**How to complete this task:** Please copy exactly the lines from the first in the records through the line that contains "Fitted straight neck", but not the pictures.

**Source data:**
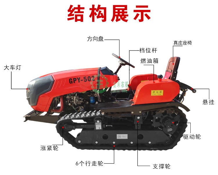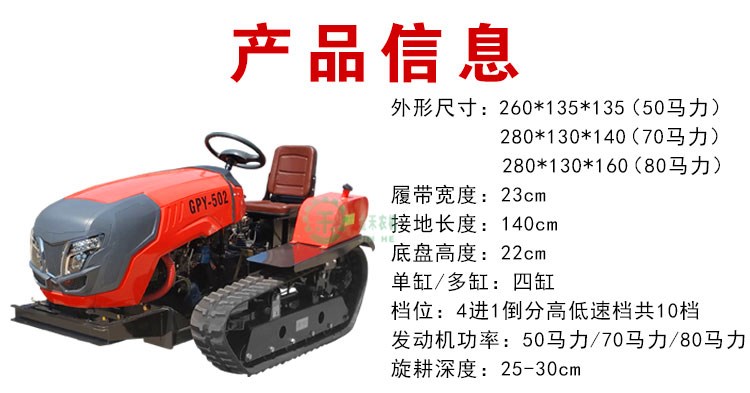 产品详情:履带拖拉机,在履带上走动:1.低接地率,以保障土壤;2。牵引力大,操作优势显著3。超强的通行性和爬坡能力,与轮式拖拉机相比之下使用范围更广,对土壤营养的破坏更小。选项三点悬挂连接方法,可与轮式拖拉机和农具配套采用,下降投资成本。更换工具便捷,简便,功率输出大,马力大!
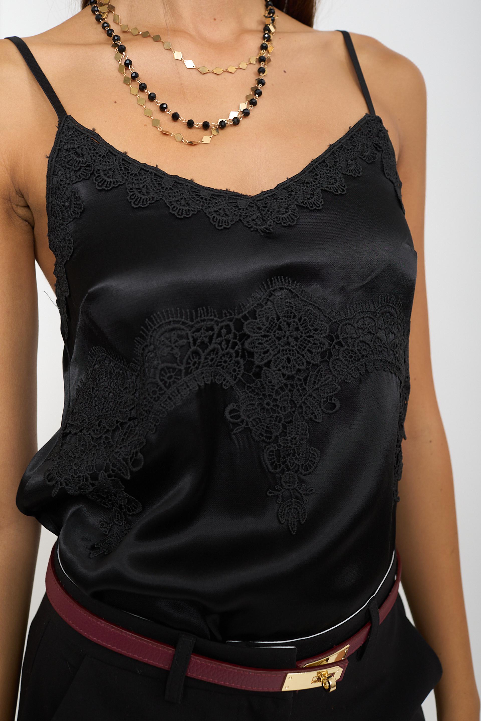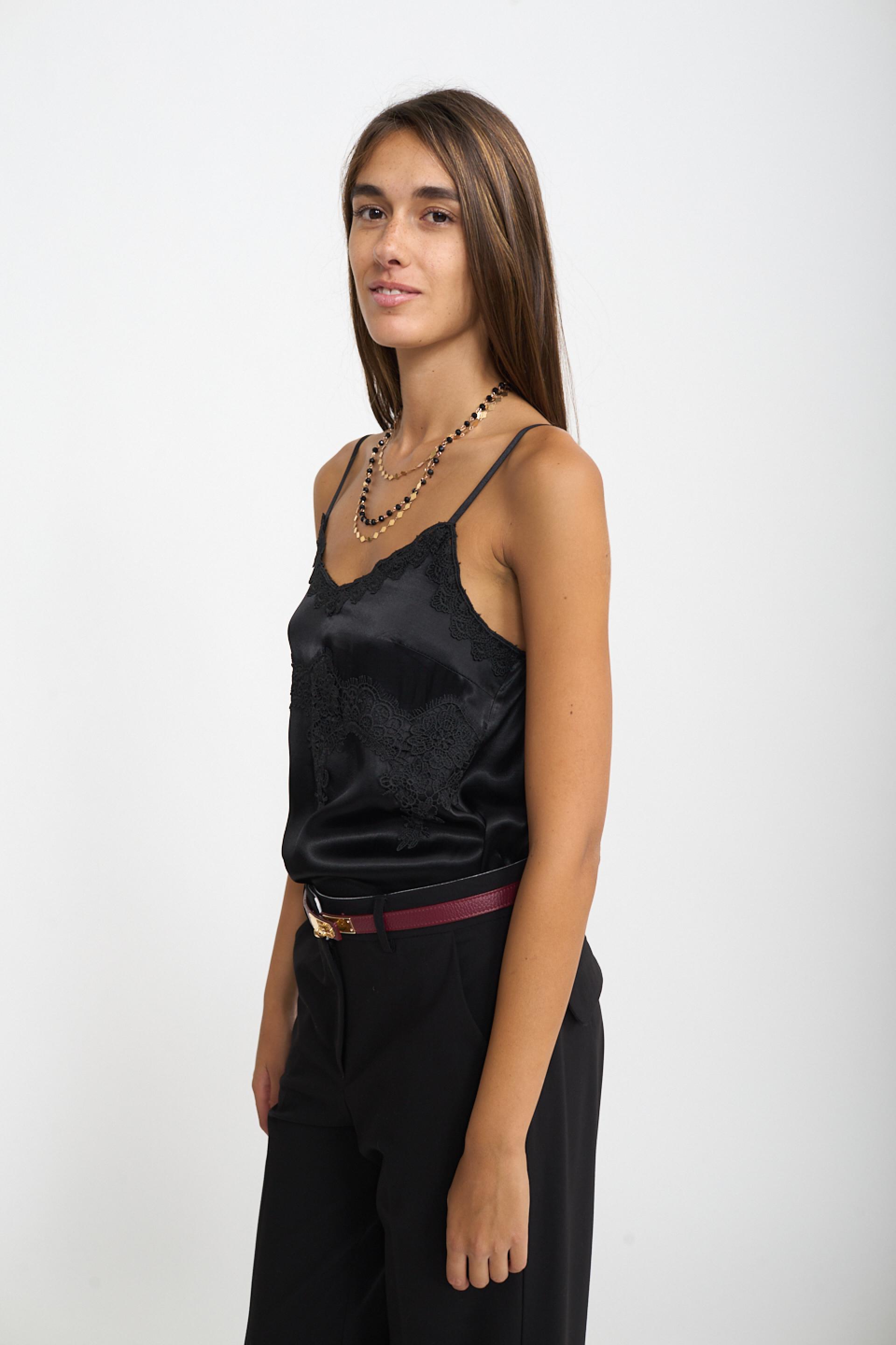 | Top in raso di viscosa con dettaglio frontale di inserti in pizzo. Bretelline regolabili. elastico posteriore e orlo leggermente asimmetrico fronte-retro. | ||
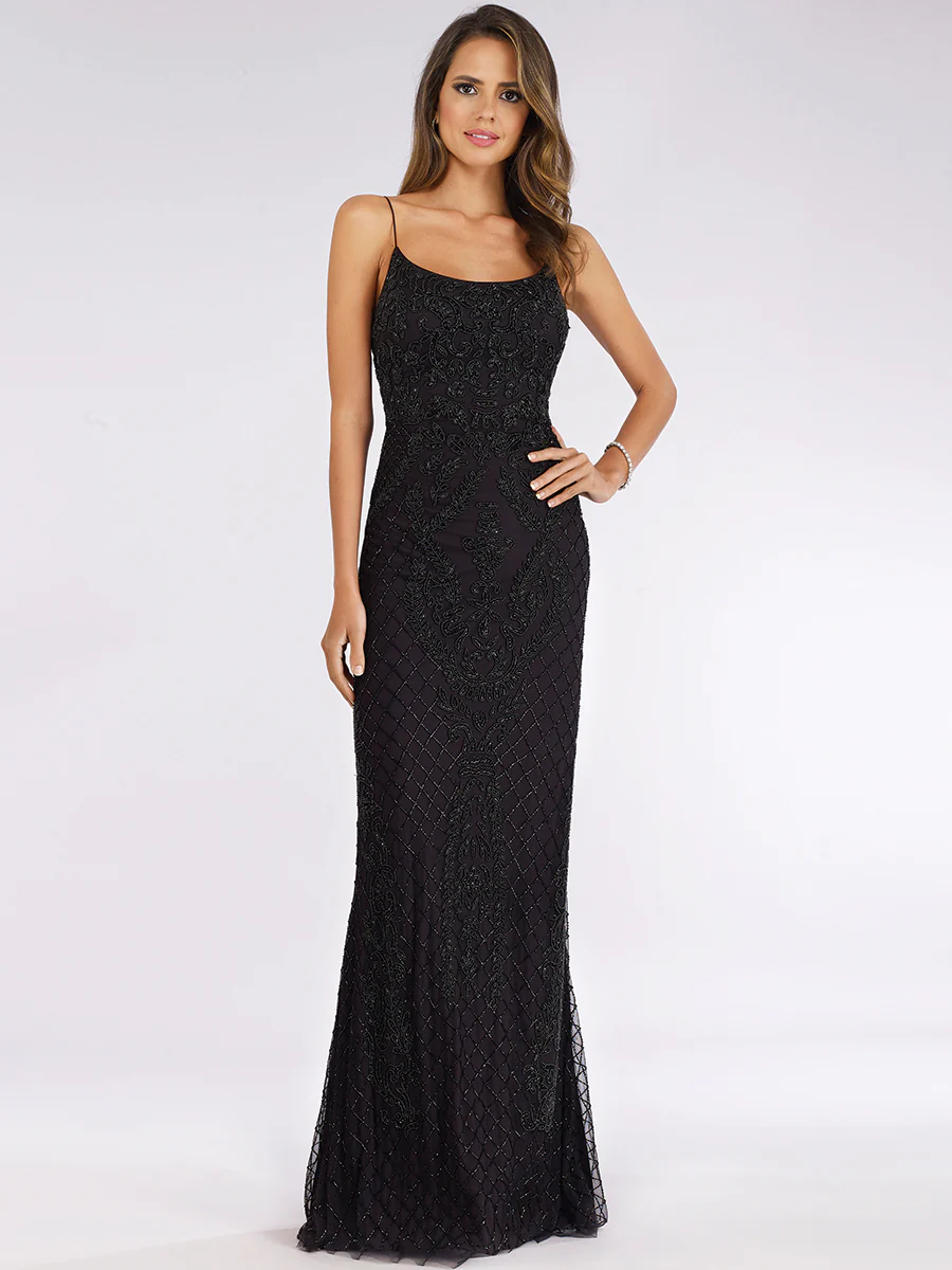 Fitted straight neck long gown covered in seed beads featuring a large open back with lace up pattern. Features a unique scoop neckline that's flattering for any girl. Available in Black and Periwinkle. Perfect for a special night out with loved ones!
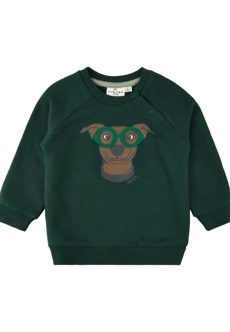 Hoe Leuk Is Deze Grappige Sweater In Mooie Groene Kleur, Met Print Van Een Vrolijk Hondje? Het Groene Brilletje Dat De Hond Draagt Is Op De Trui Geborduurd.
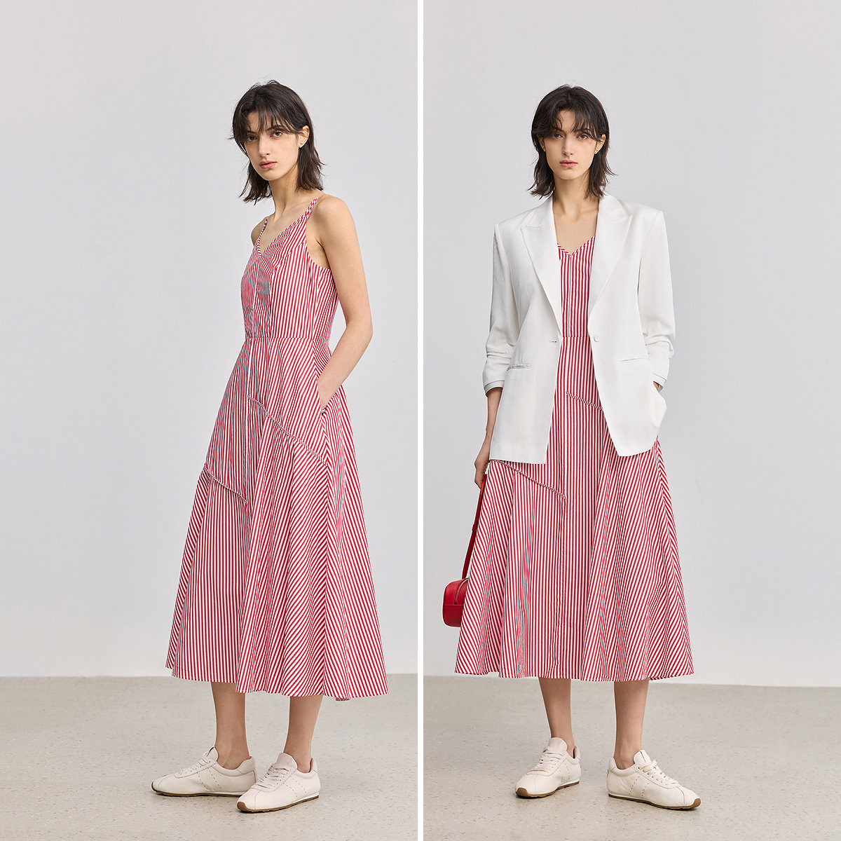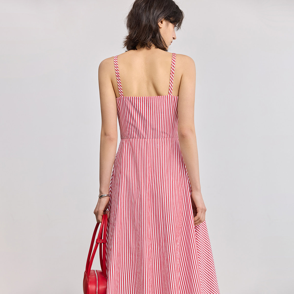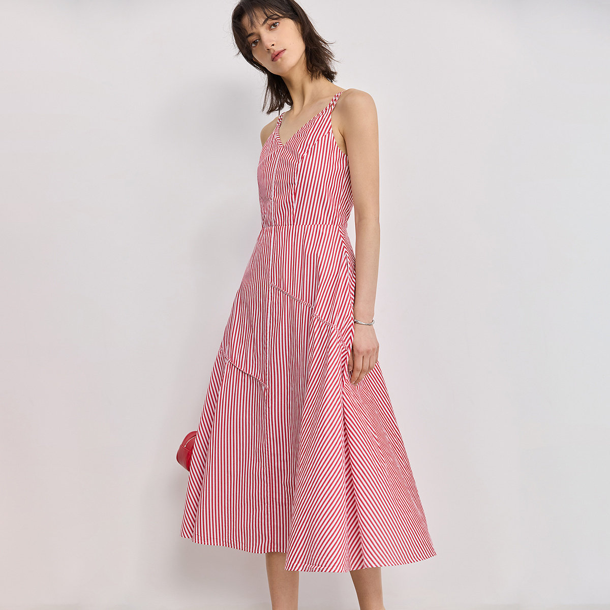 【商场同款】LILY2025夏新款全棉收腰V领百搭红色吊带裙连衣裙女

**Problem solution:**
 产品详情:履带拖拉机,在履带上走动:1.低接地率,以保障土壤;2。牵引力大,操作优势显著3。超强的通行性和爬坡能力,与轮式拖拉机相比之下使用范围更广,对土壤营养的破坏更小。选项三点悬挂连接方法,可与轮式拖拉机和农具配套采用,下降投资成本。更换工具便捷,简便,功率输出大,马力大!
 | Top in raso di viscosa con dettaglio frontale di inserti in pizzo. Bretelline regolabili. elastico posteriore e orlo leggermente asimmetrico fronte-retro. | ||
 Fitted straight neck long gown covered in seed beads featuring a large open back with lace up pattern. Features a unique scoop neckline that's flattering for any girl. Available in Black and Periwinkle. Perfect for a special night out with loved ones!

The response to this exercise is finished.